1. extract via huggingface pipeline#

The initial pipeline uses the provided extraction code from the HuggingFace model card.

from transformers import pipeline

triplet_extractor = pipeline(
    "text2text-generation",
    model="Babelscape/rebel-large",
    tokenizer="Babelscape/rebel-large",
    # comment this line to run on CPU
    device="cuda:0",
)


def extract_triplets(input_text):
    text = triplet_extractor.tokenizer.batch_decode(
        [
            triplet_extractor(
                input_text, return_tensors=True, return_text=False
            )[0]["generated_token_ids"]
        ]
    )[0]

    triplets = []
    relation, subject, relation, object_ = "", "", "", ""
    text = text.strip()
    current = "x"
    for token in (
        text.replace("<s>", "")
        .replace("<pad>", "")
        .replace("</s>", "")
        .split()
    ):
        if token == "<triplet>":
            current = "t"
            if relation != "":
                triplets.append(
                    (subject.strip(), relation.strip(), object_.strip())
                )
                relation = ""
            subject = ""
        elif token == "<subj>":
            current = "s"
            if relation != "":
                triplets.append(
                    (subject.strip(), relation.strip(), object_.strip())
                )
            object_ = ""
        elif token == "<obj>":
            current = "o"
            relation = ""
        else:
            if current == "t":
                subject += " " + token
            elif current == "s":
                object_ += " " + token
            elif current == "o":
                relation += " " + token

    if subject != "" and relation != "" and object_ != "":
        triplets.append((subject.strip(), relation.strip(), object_.strip()))

    return triplets

2. Extract with wiki filtering#

Optionally, we can filter our extracted relations using data from wikipedia.

import wikipedia


class WikiFilter:
    def __init__(self):
        self.cache = {}

    def filter(self, candidate_entity):
        # check the cache to avoid network calls
        if candidate_entity in self.cache:
            return self.cache[candidate_entity]["title"]

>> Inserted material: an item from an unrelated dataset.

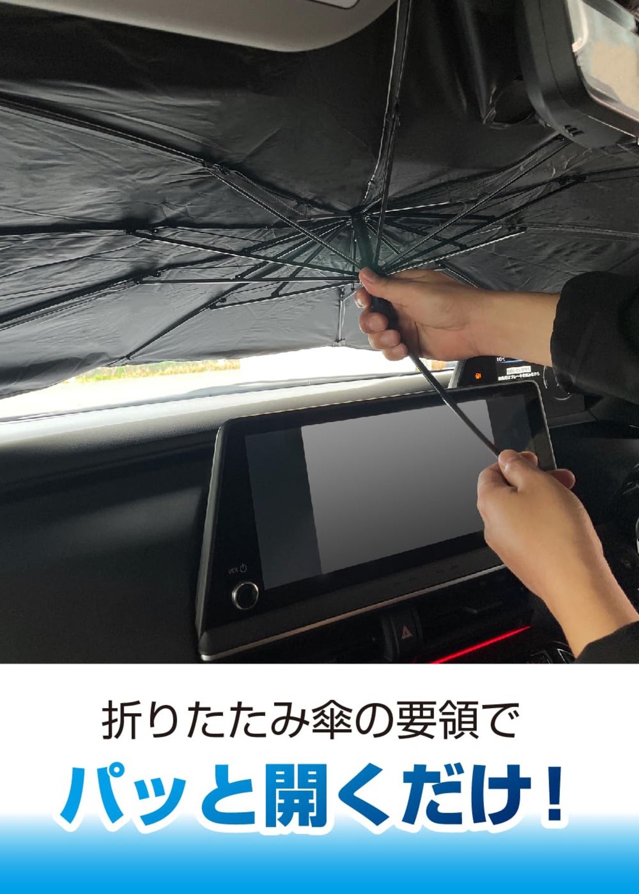 サッと広げてラクラク装着!パラソル型サンシェード!
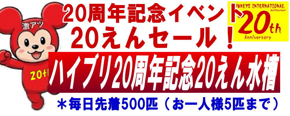 ![]() ![]() 20周年記念後初の大量入荷でストック個体はほとんど変わっております!直前5万匹入荷確定! *ブランドレッドビーは少な目です(ウルトラレッドは多数あり) ![]() 直前1週間入荷数 現在50688匹! まだまだ来ます! ![]() ![]() ![]() ![]() ![]() LOWKEYS HISTORY 2006年2月10日 シュリンプ水槽7本でオープンしました ![]() ![]() 2010年9月10日 ローキーズインターナショナル大連オープン (2010年9月7日尖閣諸島中国船衝突事件発生) ![]() 中国人も色々手伝ってくれました ![]() 2011年6月24日 ローキーズインターナショナル(東京)オープン ![]() ![]() 2015年8月20日 移転場所を発見 その後195日目に ![]() 2016年3月5日 ローキーズインターナショナルオープン ![]() ![]() 2018年3月 タイゴースト取り扱いを始める ![]() ![]() 2018年8月5日 台風にやられる ![]() ![]() 2019年頃 シュリンプ年間取扱高が100万匹を超える ![]() ![]() 2020年3月1日 アクアリウムイベント主催 開催2週間前に中止判断 ![]() 2025年9月5日 アグラオネマ販売開始 2025年10月8日 販売終了 ![]() 2026年2月7日 20周年記念イベント開催 公式キャラクターゲキアツ君登場! ![]() 番外編 ローキーズオープンの2006年から飼育中 ![]() 過背金龍としては最大級のサイズまで成長(64センチ) ![]() おかげ様で20周年!20円あったらローキーズへ行こう! 20円セール第一弾! ![]() 20円セール第二弾! ![]() ![]() 20円セール第三弾! ![]() ![]() まだまだお宝投入します! 早く来たら凄いのいるかも! ![]() 20円セール第4弾! ![]() 20円セール第5弾! ![]() 20円セール第6弾! ![]() 20円セール第7弾! ![]() ナント!全部ウルトラレッドです!急いでね! ![]() 20円セール第8弾! 当たり確率2.78%! ![]() ![]() ![]() ![]() ![]() ![]() ![]() ![]() ![]() ![]() ![]() ![]() あるある涼風シュリンプも! ![]() あるあるシュリンプMASA 80匹入荷! ![]() あるあるY's Bee 239匹入荷! ![]() ![]() Y's Beeお買上げでナノソル30mlボトルプレゼント! ![]() レッドビーは他にもRED STAR SHRIMP/三好池のトシ/ウルトラレッド/静華蝦/710エビなどなど RTからの店頭引取が今回はかなりナウい! ![]() 通販特別セットも続々! ![]() ![]() 訳あってネガポジくん ![]() ![]() ![]() ![]() 訳あってネガポジくん キテネ ![]() 駐車場情報 現在フラップレスタイプに改装中です ローキーズ専用駐車場ですので どこに停めても大丈夫です(無料) ![]() 過去のセールはこちら |

        # pull the page from wikipedia -- if it exists
        try:
            page = wikipedia.page(candidate_entity, auto_suggest=False)
            entity_data = {
                "title": page.title,
                "url": page.url,
                "summary": page.summary,
            }

            # cache the page title and original entity
            self.cache[candidate_entity] = entity_data
            self.cache[page.title] = entity_data

            return entity_data["title"]
        except:
            return None


wiki_filter = WikiFilter()


def extract_triplets_wiki(text):
    relations = extract_triplets(text)

    filtered_relations = []
    for relation in relations:
        (subj, rel, obj) = relation
        filtered_subj = wiki_filter.filter(subj)
        filtered_obj = wiki_filter.filter(obj)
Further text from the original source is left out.